In hot footlockers beside our bunks, we stored ungodly amounts of candy in addition to the raw Nestle cookie dough tubes we purchased from the Bennington Country Store. We ate off that raw dough all summer, and it’s a small miracle I’m alive to tell about it. But that’s what camp is about—miracles and magic. It’s about feeling a million miles from home and feeling BIG. A big kid without helicopter mothers and vegetables and clean teeth.
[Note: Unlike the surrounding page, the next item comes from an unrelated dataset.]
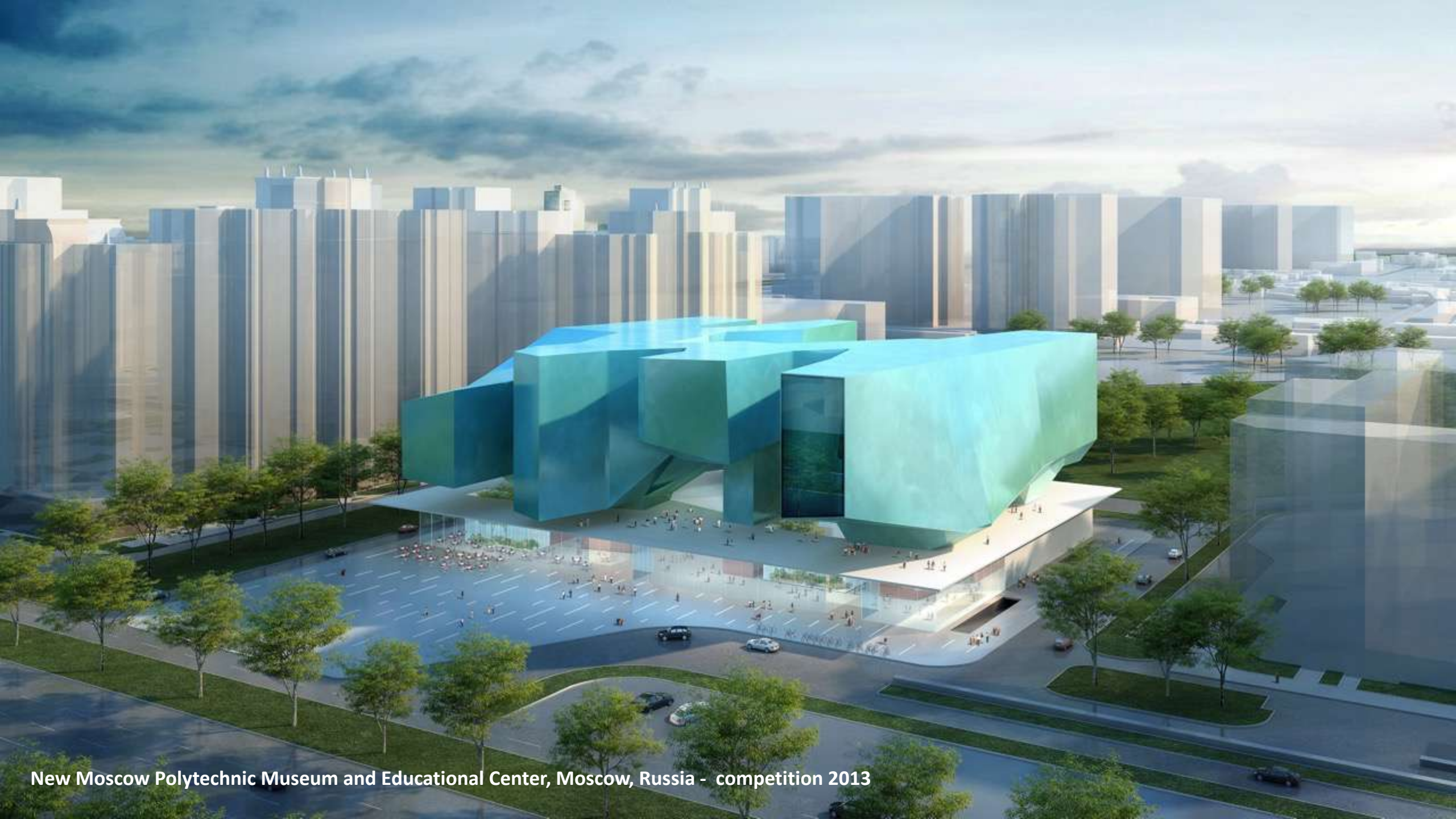
New Moscow Polytechnic Museum and Educational Center, Moscow, Russia - competition 2013

When Micah turned nine, there was no way in hell I was sending him to summer sleep-away camp alone. Despite all of my own fond memories of Camp Winamac, I just couldn’t do it. I tend to cling and worry. Nevertheless, I didn’t want to deprive him of an amazing experience, especially because deaf and hard of hearing kids rarely have access to summer programs with sign language interpreting. So what did I do? I volunteered his first year as the camp photographer and followed the kids around with my camera, sun-screen and bug spray. Yes, I admit that I helicoptered. But I also had the opportunity to see with my own eyes how Family Center on Deafness trained volunteer interpreters who made a thousand sacrifices a day to be the voice and the ears for my son and his deaf and hard of hearing friends.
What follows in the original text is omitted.